# TASK DETAILS
Using the data below, output a verbatim copy of the lines between the one holding "eiP Maglite 2" and the one holding "will be small.", inclusive, without any pictures.

# WORKING DATA

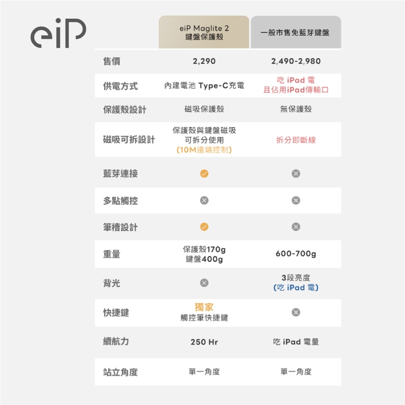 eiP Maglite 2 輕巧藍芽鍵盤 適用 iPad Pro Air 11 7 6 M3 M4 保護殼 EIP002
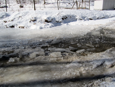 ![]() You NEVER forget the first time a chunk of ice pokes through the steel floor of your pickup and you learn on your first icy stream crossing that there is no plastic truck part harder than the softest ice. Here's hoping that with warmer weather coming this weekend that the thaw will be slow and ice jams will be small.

==

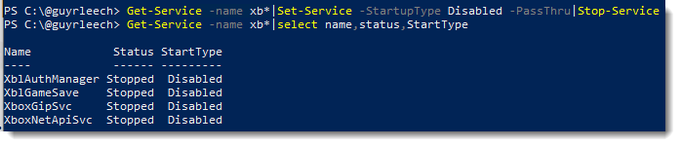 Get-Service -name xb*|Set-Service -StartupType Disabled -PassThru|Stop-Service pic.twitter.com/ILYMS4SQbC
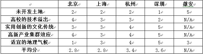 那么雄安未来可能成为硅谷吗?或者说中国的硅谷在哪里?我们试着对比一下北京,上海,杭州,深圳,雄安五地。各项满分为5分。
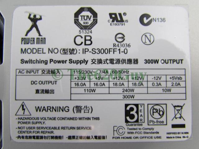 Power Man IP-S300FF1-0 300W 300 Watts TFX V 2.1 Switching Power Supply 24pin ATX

---

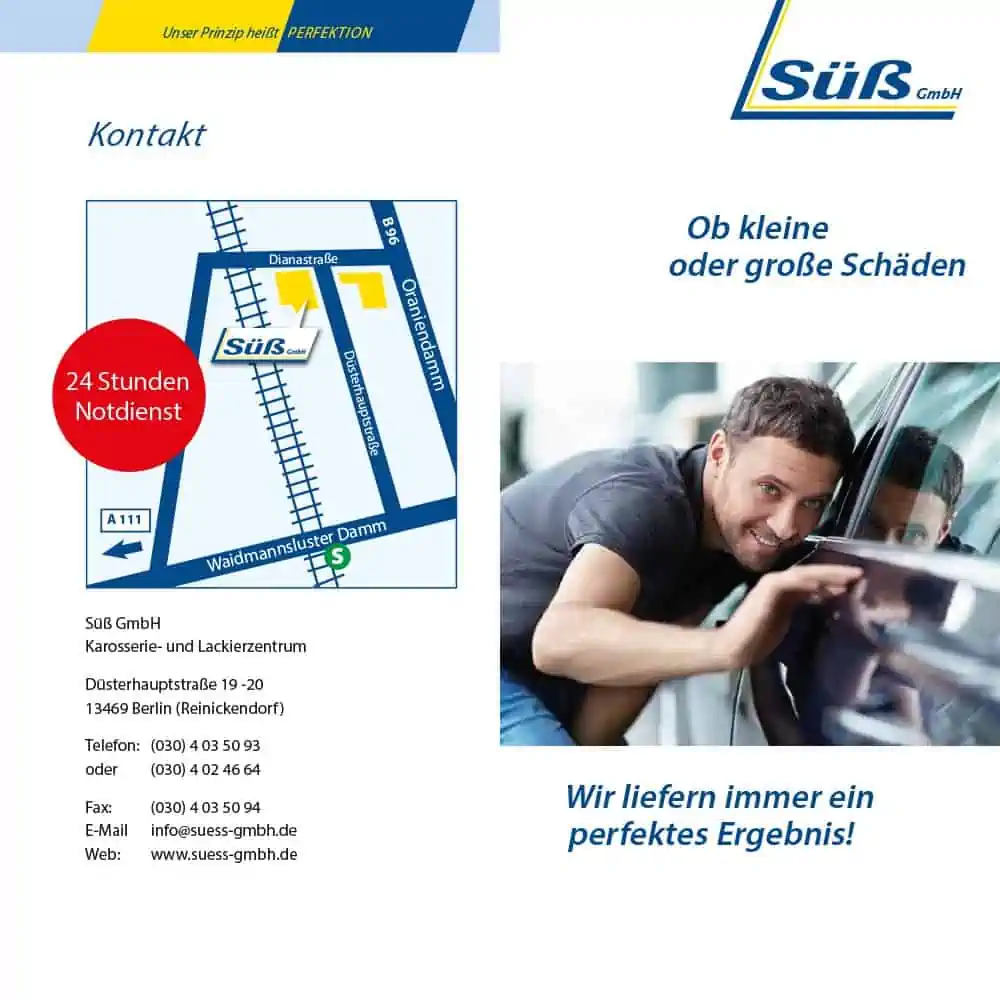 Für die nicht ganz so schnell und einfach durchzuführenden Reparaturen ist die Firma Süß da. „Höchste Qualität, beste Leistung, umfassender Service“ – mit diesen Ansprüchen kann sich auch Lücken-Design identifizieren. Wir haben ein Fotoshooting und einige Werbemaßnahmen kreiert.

# PROBLEM SOLUTION
 eiP Maglite 2 輕巧藍芽鍵盤 適用 iPad Pro Air 11 7 6 M3 M4 保護殼 EIP002
 ![]() You NEVER forget the first time a chunk of ice pokes through the steel floor of your pickup and you learn on your first icy stream crossing that there is no plastic truck part harder than the softest ice. Here's hoping that with warmer weather coming this weekend that the thaw will be slow and ice jams will be small.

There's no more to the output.